A nuclear meltdown is the result of reactor core overheating, due to failure of cooling systems. As a result, the core temperature may rise drastically resulting in a literal melting down of equipment. This can lead to disastrous consequences, exposing the world to high dosages of radioactivity.

The Three Mile island incident (1979) in Pennsylvania, the Chernobyl disaster (1986) and Fukushima Daiichi disaster (2011) are some of the most recent incidents in history which bear testimony to the widespread threat that nuclear reactors pose when their safety mechanisms are breached.

There is a risk of such disasters occurring and destroying everything in their wake. Ergo the designing and maintenance of nuclear reactors is one of the most important tasks, as a nuclear catastrophe can have repercussions like radiation leak which will have long ranging effects on the environment for years to come.

The danger of radioactive exposure during mining and extraction of uranium and other radioactive ores, looms in developing, as well as developed countries.

The radioactive rubble and debris left after mining, if not properly disposed, can lead to several diseases like cancer and mutation. Once radioactive isotopes with highly ionizing radiation enter the food cycle, it can affect the entire ecosystem, flora and fauna.

Fission of a material like Uranium leaves by-products, which are themselves radioactive and highly harmful to the environment. Radioactivity cannot be turned off and therefore, there is no way but to safely store radioactive waste (till it exhausts its half-life and transforms into non-radioactive by-products).

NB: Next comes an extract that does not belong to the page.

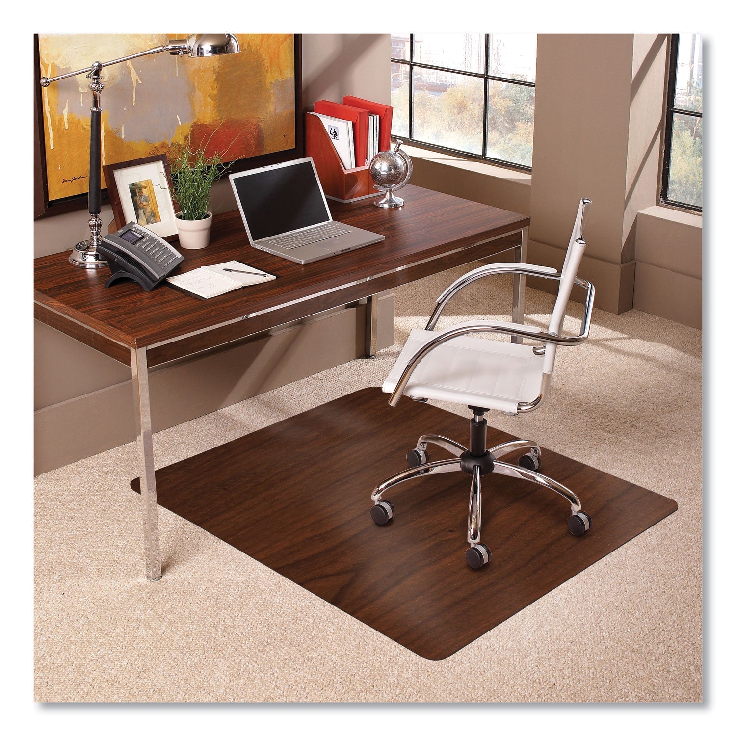 Protects laminate, wood, tile, carpet and other floor surfaces from caster wear and tear. Crafted with a durable decorative top layer. Instantly add style to your workspace with the beauty of a designer chair mat. Rectangular shape provides a large surface area for maximum mobility.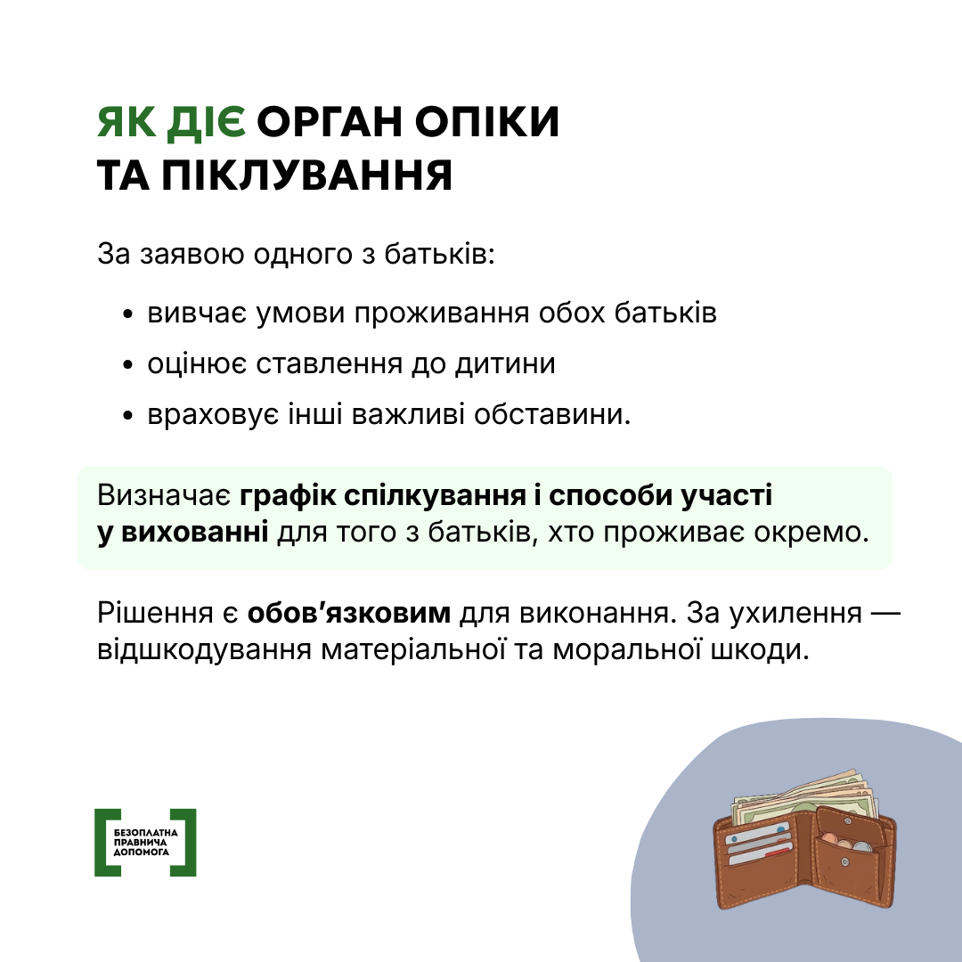Той із батьків, хто живе окремо, має право брати участь у вихованні та спілкуватися з дитиною, а інший не має права цьому перешкоджати, якщо це не шкодить дитині.

There is widespread controversy regarding the choice of location for radioactive storage. Many techniques of radioactive waste disposal have been suggested including geological disposal, transmutation and reprocessing. While some are already in stages of implementation on a global level, the issue still stays largely unresolved.

The high safety standard requirement along with maintenance of radioactive waste treatment facilities add to costs further. For developing countries, the initial setup costs can be very steep, though the future payout in terms of energy output is high.

Often, nuclear breeder reactor programs are smoke screen for the development of nuclear weapons. There is no guarantee that fissionable nuclear fuel supplied to a country will not be used to produce weapons of mass destruction like atomic and hydrogen bombs.

If this technology falls in the wrong hands, it can spell disaster for the world. So there is a considerable risk in promoting the use of technology.

Fusion (a process of energy generation through fusion of deuterium nuclei) has been a tougher nut to crack, compared to fission, as it requires a high initial energy input.

The problem of high energy plasma confinement has been the major stumbling block in its development. It is too early to talk about the pros and cons of nuclear fusion, as the technology is still in its infancy and controlled fusion reaction is still a pie in the sky.

Nuclear energy should be an option, but not the only one to rely on for the future. It must be remembered that nuclear power is not a renewable resource. Like crude oil, uranium fuel sources will be exhausted one day.

So nuclear energy cannot be perceived as a permanent solution to the energy problem but a temporary and inevitable one at best. Nevertheless, it deserves a position in the spectrum of energy solutions made available by technology. The long-term solution lies in developing technology based on renewable energy sources like wind, tidal and solar energy.